So, within a one-to-one correspondence, a minimal sufficient statistic is unique.
The definition of a MSS can be given the following geometric interpretation.
The sample space is partitionned into a set {At} of "sheets", each sheet At being identified by a value t.
Let f(.) be a function that is not one-to-one. Under the action of f(.), {At} will be transformed into another set of sheets {Bf (t)}. For a given t :
* All the points in At will be in the same Bf (t),
* But because f(.) is not one-to-one, there may be some other number t' such that f(t' ) = f(t). Then At and At' have the same image Bf (t) = Bf (t' ) under
f(.).
Let now T ' be another statistic defined by T ' = f(T). It partitions the sample space into {Bf (t)} and several f(At)s may be contained into the same Bf (t).
Consequently :
The transform T ' = f(T) of
a statistic T by a function f(.) that is not one-to-one
generates
a coarser partition of the sample space than T does.

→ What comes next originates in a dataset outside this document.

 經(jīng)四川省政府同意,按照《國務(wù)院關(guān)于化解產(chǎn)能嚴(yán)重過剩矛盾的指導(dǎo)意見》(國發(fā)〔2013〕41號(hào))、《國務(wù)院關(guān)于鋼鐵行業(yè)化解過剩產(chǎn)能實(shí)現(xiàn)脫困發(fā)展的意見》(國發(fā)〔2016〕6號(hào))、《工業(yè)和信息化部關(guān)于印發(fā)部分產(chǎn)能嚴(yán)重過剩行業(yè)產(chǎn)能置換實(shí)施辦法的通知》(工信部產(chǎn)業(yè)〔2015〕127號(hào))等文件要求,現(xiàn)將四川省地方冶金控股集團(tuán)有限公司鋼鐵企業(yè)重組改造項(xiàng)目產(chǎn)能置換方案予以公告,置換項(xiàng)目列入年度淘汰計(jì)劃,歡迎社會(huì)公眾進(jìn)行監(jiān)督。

By definition, a minimal sufficient statistic then generates the coarsest partition among all partitions generated by all sufficient statistics.

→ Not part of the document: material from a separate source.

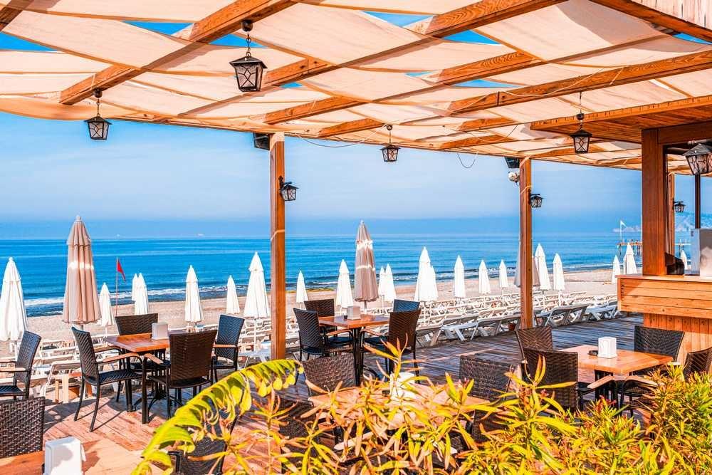 A 150 méter hosszú homokos-aprókavicsos strand 50 m-re található a szállodától, egy alagúton keresztül érhető el.

Just as the definition of a sufficient statistic proved inconvenient for identifying sufficient statistics and was advantageously replaced by the Factorization Theorem for this purpose, the sole definition of a minimal sufficient statistic is essentially useless for finding minimal sufficient statistics. Fortunately, we'll identify a condition for a statistic to be sufficient minimal which makes the identification of a MSS much easier.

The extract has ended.